第51回日本理学療法学術大会

Presentation information

一般演題ポスター

日本呼吸理学療法学会 一般演題ポスター
呼吸P03

Fri. May 27, 2016 3:20 PM - 4:20 PM 第10会場 (産業振興センター 2階 セミナールームB)

[P-RS-03-1] 上肢支持による前傾座位が運動後の呼吸循環応答に与える影響

宮本直美, 笹本安寿治, 村中令, 山下誠, 田平一行 (畿央大学健康科学部理学療法学科)

Keywords:呼吸循環応答, 上肢支持, 前傾座位

【はじめに,目的】

呼吸リハビリテーションマニュアルでは,動作時の呼吸困難に対して,ファーラ―位や前傾座位,上肢支持による体幹保持などの安楽姿勢をとることを推奨している。しかし,この姿勢による効果に関してはエビデンスレベルもまだ低い現状にあり,一定の見解が得られていない。また,運動後に安楽姿勢となり,呼吸循環応答を詳細に検討している報告も少ない。そこで,本研究は,運動後の上肢支持による前傾座位の効果を明らかにすることを目的に,健常成人を対象として,運動後の上肢支持による前傾座位が呼吸循環応答に及ぼす影響を検討した。


【方法】

対象は,呼吸器,循環器,整形外科的疾患がない健常成人男性12名(年齢21.6±1.1歳,身長173.6±4.7cm,体重64.7±7.3kg)とした。

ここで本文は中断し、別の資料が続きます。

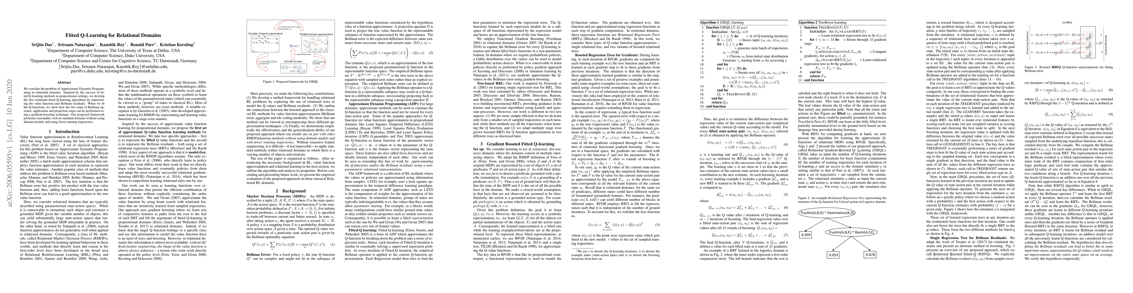 Fitted Q-learning algorithms are extended to relational domains, employing gradient-boosting for the Bellman operator's application and projection steps. The proposed framework shows competitive performance on standard relational domains with fewer training trajectories.
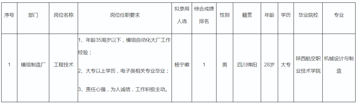 根據(jù)四川愛(ài)聯(lián)科技股份有限公司發(fā)布的招聘公告及招聘相關(guān)規(guī)定,經(jīng)筆試、面試、考察、體檢等程序,擬錄用楊寧徽同志到模組產(chǎn)品工藝工作,現(xiàn)予以公示,具體情況如下:

方法は,対象者に運動負荷量を決定する目的でトレッドミルによる心肺運動負荷試験(CPX)を実施した。CPXの負荷量は3km/hから開始し,1分毎に1km/hずつ増加する漸増負荷試験で,10分以降は速度12km/hで一定とし,傾斜のみ2%/分ずつ増加した。このCPXから得られたpeakVO2の80%の負荷で10分間のトレッドミルによる定常負荷を実施し,運動後に直立座位(上肢支持なし)と上肢支持による前傾座位の2つの姿勢に分けて,最大10分まで測定を行った。2つの姿勢の順序はランダムとした。測定項目は,呼気ガス分析装置(MINATO AE-310S)を用いて,分時酸素摂取量(VO2),分時二酸化炭素排出量(VCO2),分時換気量(VE),1回換気量(VT),呼吸数(RR),酸素摂取率(%VO2/VE)を求めた。心拍数(HR)は心電図計を用いて測定し,運動前後および運動終了から10分までの呼吸困難感と下肢疲労感を修正Borg scaleを用いて評価した。また,運動後のHR回復に関与する因子の検討として,自律神経機能をPolar RS800cxにて測定し,副交感神経(HF)と交感神経(LF/HF)を測定した。解析方法は,2つの姿勢による各指標を対応のあるt検定およびWilcoxonの符号付順位検定にて解析し,有意水準は5%未満とした。


【結果】

運動後の2つの姿勢で有意差があった項目は,%VO2/VE(運動後30秒,1分),HR(運動後~10分)のみであった。自律神経機能に関しては,直立座位姿勢よりも上肢支持による前傾座位姿勢において,副交感神経の活動が運動後に上昇傾向であることを認めた。


【結論】

運動後の上肢支持による前傾座位では,換気量に対しての酸素摂取量が高く,換気効率が良いことと,HRの回復速度が速かったことから,運動後の呼吸循環応答は速やかになることが示唆された。これらは,前傾による横隔膜筋長の最適化や上肢支持による体幹筋の筋緊張低下などによる効果であることが推察された。